Re: ceph health JSON format has changed

[Date Prev][Date Next][Thread Prev][Thread Next][Date Index][Thread Index]

 





On Wed, Jan 2, 2019 at 5:12 AM Jan Kasprzak <kas@xxxxxxxxxx> wrote:
Thomas Byrne - UKRI STFC wrote:
: I recently spent some time looking at this, I believe the 'summary' and
: 'overall_status' sections are now deprecated. The 'status' and 'checks'
: fields are the ones to use now.

        OK, thanks.

: The 'status' field gives you the OK/WARN/ERR, but returning the most
: severe error condition from the 'checks' section is less trivial. AFAIK
: all health_warn states are treated as equally severe, and same for
: health_err. We ended up formatting our single line human readable output
: as something like:
:
: "HEALTH_ERR: 1 inconsistent pg, HEALTH_ERR: 1 scrub error, HEALTH_WARN: 20 large omap objects"

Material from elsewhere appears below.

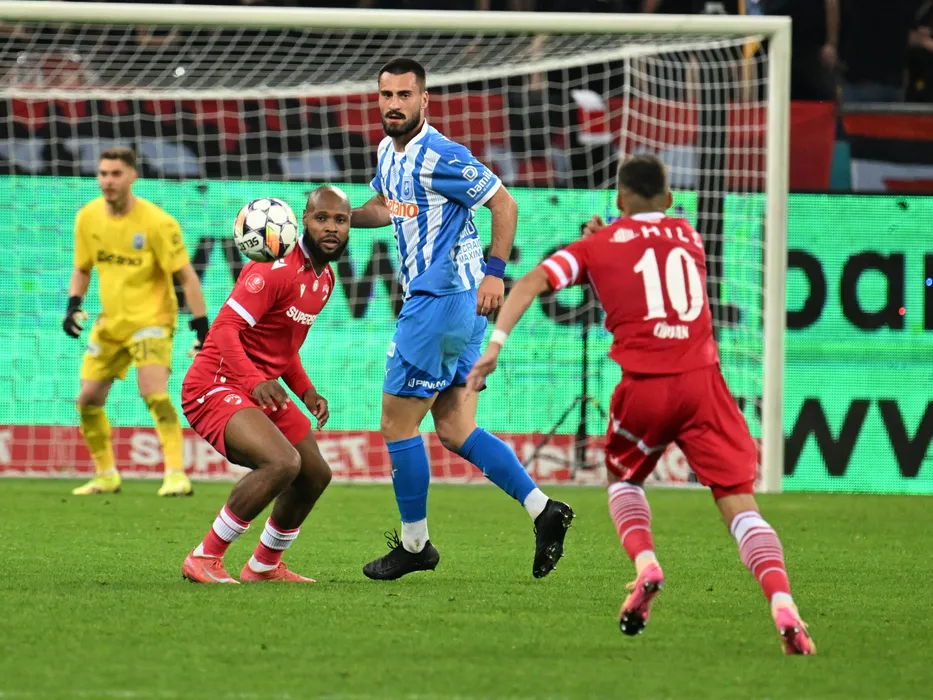 Hakim Djamel Abdallah si Gjoko Zajkov in meciul de fotbal dintre Dinamo Bucuresti si Universitatea Craiova, din cadrul Play off-ului Superligii Superbet, desfasurat pe Arena Nationala din Bucuresti, luni 21 aprilie 2025. © FOTO:Razvan Pasarica/SPORT PICTURES

        Speaking of scrub errors:

        In previous versions of Ceph, I was able to determine which PGs had
scrub errors, and then a cron.hourly script ran "ceph pg repair" for them,
provided that they were not already being scrubbed. In Luminous, the bad PG
is not visible in "ceph --status" anywhere. Should I use something like
"ceph health detail -f json-pretty" instead?

        Also, is it possible to configure Ceph to attempt repairing
the bad PGs itself, as soon as the scrub fails? I run most of my OSDs on top
of a bunch of old spinning disks, and a scrub error almost always means
that there is a bad sector somewhere, which can easily be fixed by
rewriting the lost data using "ceph pg repair".

It is possible. It's a lot safer than it used to be, but is still NOT RECOMMENDED for replicated pools.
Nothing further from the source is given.